Jun 06, 2018

Maasai


 

 

 

Date admitted: 19 December 2004

Membership discontinued: 7 July 2012

 

 

The Maasai people are an indigenous ethnic group in Eastern Africa. There is an estimated total of 900,000 Maasai, with approximately 430,000 in Tanzania, though an actual approximation of the population is difficult due to their semi-nomadic lifestyle and the remote locations of their villages. They speak Maasai, an Eastern Nilotic language which is closely related to other Maa languages. Traditionally, the Maasai are nomadic cattle herders with grazing lands spanning from central Kenya into Tanzania. The young Maasai men tend the herds and live in small camps, moving frequently in the constant search for water and good grazing lands.

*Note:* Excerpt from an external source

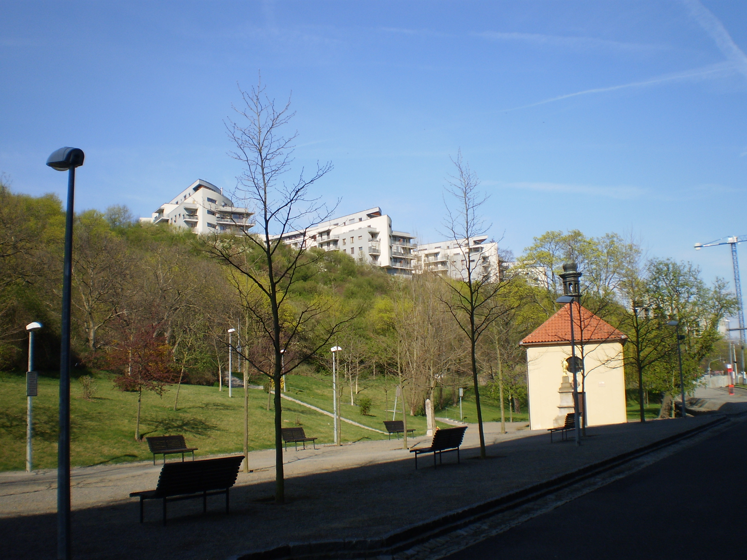 Výstavba v mém obytném rajónu neprobíhá jen na Waltrovce. I v samotných NB se budují nové objekty. Přímo u stanice metra NB je už skoro hotový administrativní komplex Metronom Business (obr. 1 a obr. 2) a kousek před ním vyrůstá obytný blok v rámci projektu SMART (obr. 3). Nedaleko za stanicí metra NB se Praha 13 transformuje do Prahy 5, v níž se nachází Smíchov. Na počátku se však skvějí Jinonice a na obr. 4 vidíte jednu z jejich úvodních uliček, kterou tak strašně rád procházím. V Jinonicích jsou kromě starších (vesnických) a novějších domečků (vil) dvě sídliště. Na obr. 5 vidíte to starší a na obr. 6 novější. V novější sídlištní zástavbě Jinonic se kupříkladu nachází objekt Fakulty sociálních věd Univerzity Karlovy (obr. 7). Hned za tím objektem je výhled dolů na Prahu, kde můžete spatřit první již téměř dokonanou členitou budovu (obr. 8, obr. 9 a obr. 10), asi též business a nějaký ten nákup. No a kousek odtud jsou vidět domečky, které sice patří do Jinonic, ale je to prakticky už předpolí Smíchova (obr. 11).

Migrating southwards from the Lower Nile Valley in Sudan, the Maasai settled in their present-day territories between the 17th and 18th century. At the beginning of the 20th century, the British colonial government tricked illiterate Maasai elders into signing the controversial Anglo-Maasai agreements that made way for the confiscation of Maasai land on behalf of the British settlers, who continue to own most of it even today.

During the time of their UNPO membership, the Maasai where still struggling to reclaim their ancestral lands. In addition, the expansion of large-scale commercial agriculture, intensive tourism and deforestation rapidly reduced grasslands for their livestock, thereby posing a significant threat to their livelihood system.